В таком духе они беседовали – часто о себе, иногда о философии, о религии, о жизни – что она такое: игра или тайна. Священник словно угадывал мысли Эмори еще раньше, чем тот сам успевал их для себя сформулировать, – так похоже и параллельно работало их сознание.

– Почему я все время составляю списки? – спросил как‑то вечером Эмори. – Самые разнообразные списки.

– Потому что ты – человек средневековья, – отвечал монсеньер. – Мы оба с тобой такие. Это страсть к классификации и поискам единого типа.

– Это желание додуматься до чего‑то определенного.

– Это ядро схоластики.

– Я, перед тем как поехал к вам, уже стал подозревать, что я ненормальный. Наверно, это была просто поза.

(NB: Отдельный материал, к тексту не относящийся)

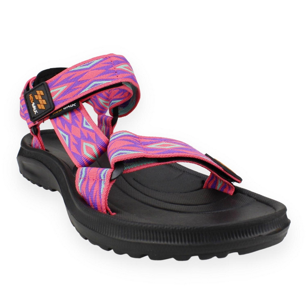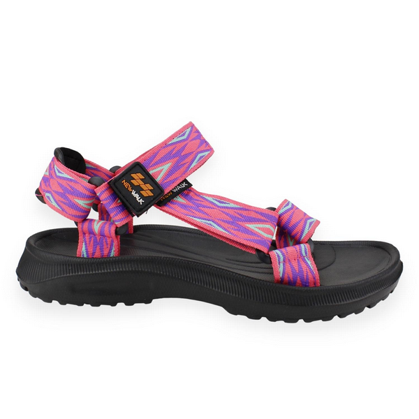 Sandalia Mujer New Walk color rosa. Estilo casual. Diseño con tiras textiles con patrones de rombos en distintos tonos de colores, super cómodas, especiales para los dias de playa. Ajuste mediante Velcro. Altura de planta 3 cm. Material Capellada: Nylon. Material Forro: Nylon. Material Planta EVA. Tabla de medidas: 36 mide 24 cm, 37 mide 25 cm, 38 mide 25,5 cm, 39 mide 26 cm, 40 mide 27 cm, 41 mide 27,5 cm

– Пусть это тебя не тревожит. Возможно, для тебя отсутствие позы и есть самая настоящая поза. Позируй на здоровье, но…

– Да?

– Делай то, что нужно сейчас.

По возвращении в колледж Эмори получил от монсеньера несколько писем, давших ему обильную пищу для дальнейших размышлений о себе.

 

«Боюсь, я внушил тебе, что в конечном счете тебе ничто не грозит, пойми, я просто верю, что ты способен на усилия, а отнюдь не хочу сказать, что ты чего‑нибудь добьешься без борьбы. С некоторыми чертами твоего характера тебе неизбежно предстоит сражаться, но оповещать о них окружающих не рекомендую. Ты лишен чувствительности, почти не способен на любовь, в тебе есть острота ума, но нет смекалки, есть тщеславие, но нет гордости.

Не поддавайся ощущению собственной никчемности: в жизни ты не раз проявишь себя с самой худшей стороны как раз, когда тебе будет казаться, что ты поступил как герой; и перестань скорбеть об утрате своей „индивидуальности“, как ты любишь выражаться. В пятнадцать лег ты весь сиял, как раннее утро, в двадцать ты начнешь излучать печальный свет луны, а когда доживешь до моих лет, от тебя, как от меня сейчас, будет исходить ласковое золотое тепло летнего дня.

Если будешь писать мне, очень прошу, пищи попроще. Твое последнее письмо с рассуждениями об архитектуре было противно читать, до того оно заумно, будто ты обитаешь в каком‑то умственном и эмоциональном вакууме; и остерегайся слишком четко делить людей на определенные типы, – ты убедишься, что в молодости люди только и делают, что перепрыгивают из одной категории в другую, и когда ты на каждого нового знакомого наклеиваешь какой‑нибудь нелестный ярлык, ты всего‑навсего засовываешь его под крышку, а едва у тебя начнутся подлинные конфликты с жизнью, он выскочит из‑под крышки, да еще покажет тебе язык. Более ценным маяком для тебя был бы сейчас такой человек, как Леонардо да Винчи.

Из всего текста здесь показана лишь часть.